(Beginning of Dataset content)

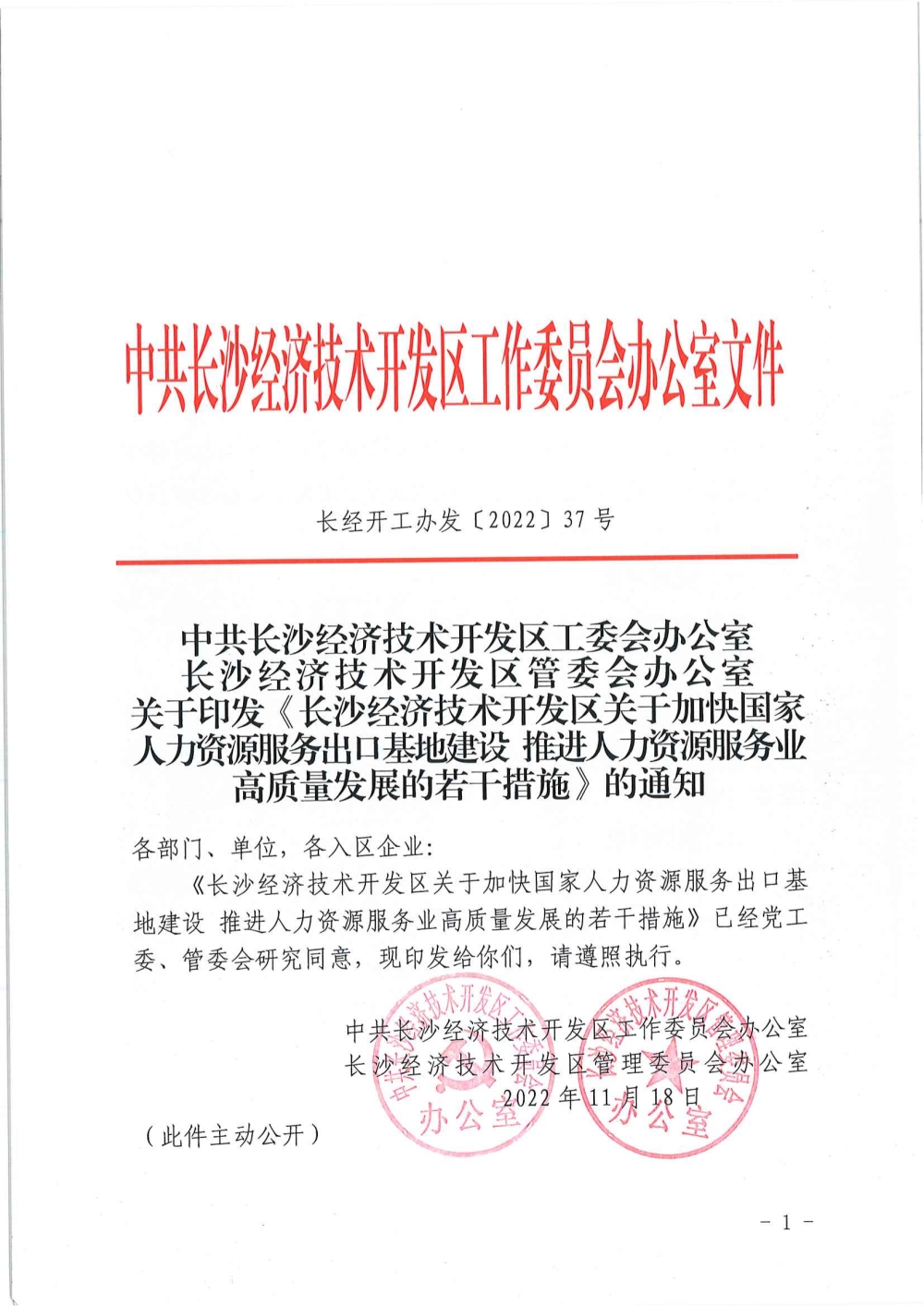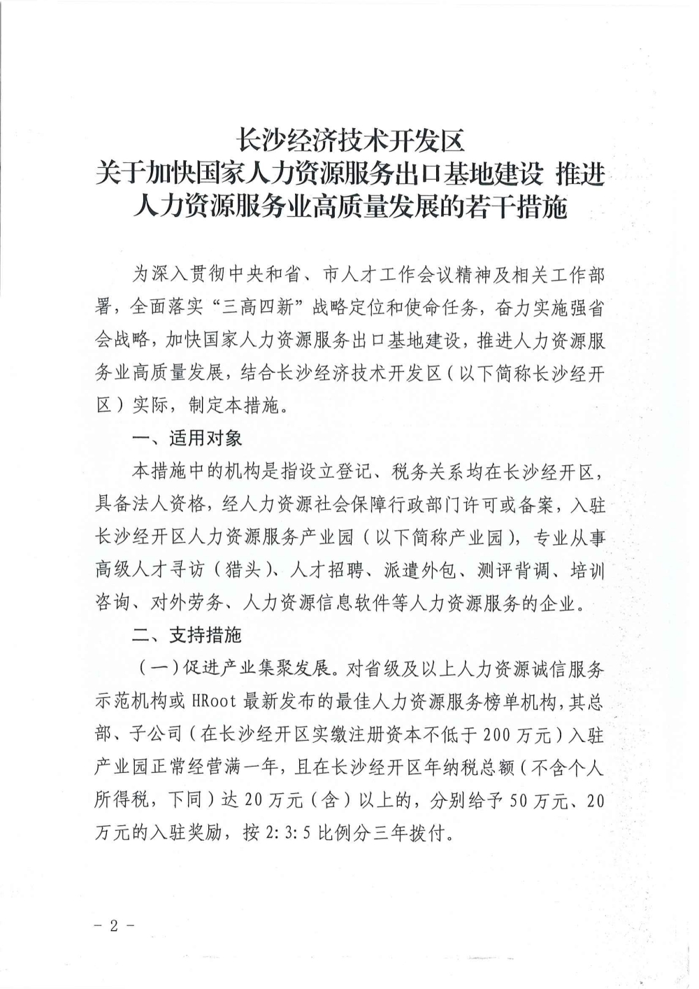 为加快中国长沙人力资源服务出口基地建设,推进人力资源服务业高质量发展,近日,长沙经开区出台《关于加快国家人力资源服务出口基地建设 推进人力资源服务业高质量发展的若干措施》。
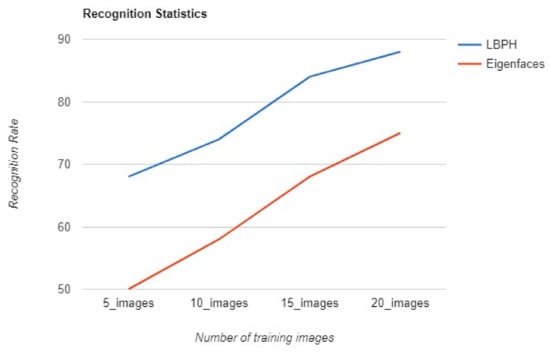 Recognition statistics’ chart for Eigenfaces and Local Binary Patterns Histograms (LBPH)
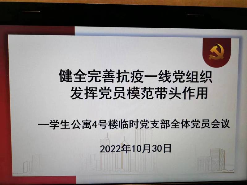 张莉同志肯定了全体师生党员在4号楼的疫情防控工作中付出的努力及工作成效,根据临时党支部支委会关于党小组设置的决定,宣布了4号楼八个党小组组长、成员名单及联系的教师党员,并就如何在公司疫情处置扫尾冲刺阶段更好地发挥党支部战斗堡垒作用及党员模范带头作用进行要求,希望各位党员能主动“亮身份、当先锋、见行动、作表率”,旗帜鲜明地站在公司疫情防控的第一线,传播正能量,用自己的行为影响身边的其他同学,带领全体同学遵守校纪校规,共同参与到抗疫工作中来,共同为公司公司产品秩序的早日恢复做出贡献。
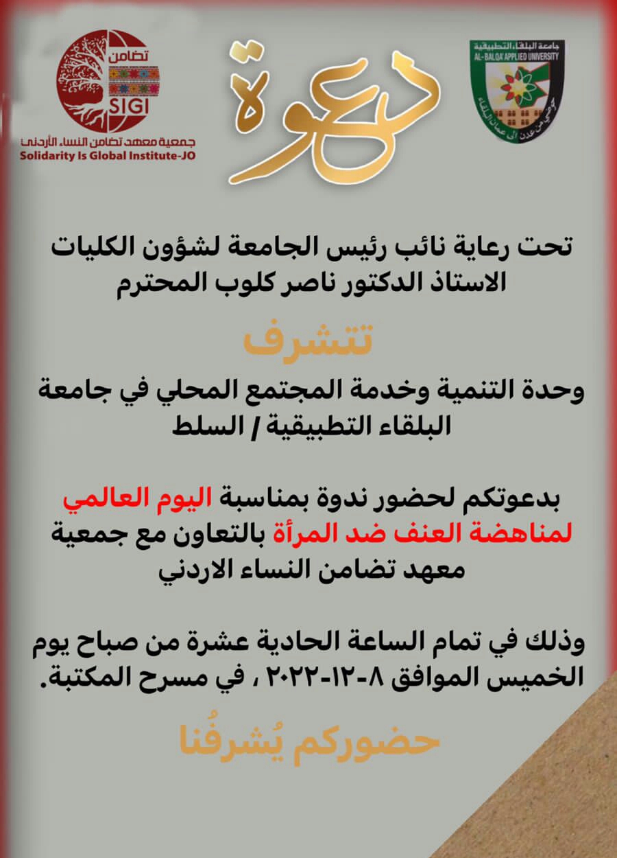 دعوة لحضور ندوة بمناسبة اليم العالمي لمناهضة العنف ضد المرأه

(End of Dataset content)

§ **Work instruction**
Would you return the whole listing exactly, without the pictures?

§ **Answer to this task**
 为加快中国长沙人力资源服务出口基地建设,推进人力资源服务业高质量发展,近日,长沙经开区出台《关于加快国家人力资源服务出口基地建设 推进人力资源服务业高质量发展的若干措施》。
 Recognition statistics’ chart for Eigenfaces and Local Binary Patterns Histograms (LBPH)
 张莉同志肯定了全体师生党员在4号楼的疫情防控工作中付出的努力及工作成效,根据临时党支部支委会关于党小组设置的决定,宣布了4号楼八个党小组组长、成员名单及联系的教师党员,并就如何在公司疫情处置扫尾冲刺阶段更好地发挥党支部战斗堡垒作用及党员模范带头作用进行要求,希望各位党员能主动“亮身份、当先锋、见行动、作表率”,旗帜鲜明地站在公司疫情防控的第一线,传播正能量,用自己的行为影响身边的其他同学,带领全体同学遵守校纪校规,共同参与到抗疫工作中来,共同为公司公司产品秩序的早日恢复做出贡献。
 دعوة لحضور ندوة بمناسبة اليم العالمي لمناهضة العنف ضد المرأه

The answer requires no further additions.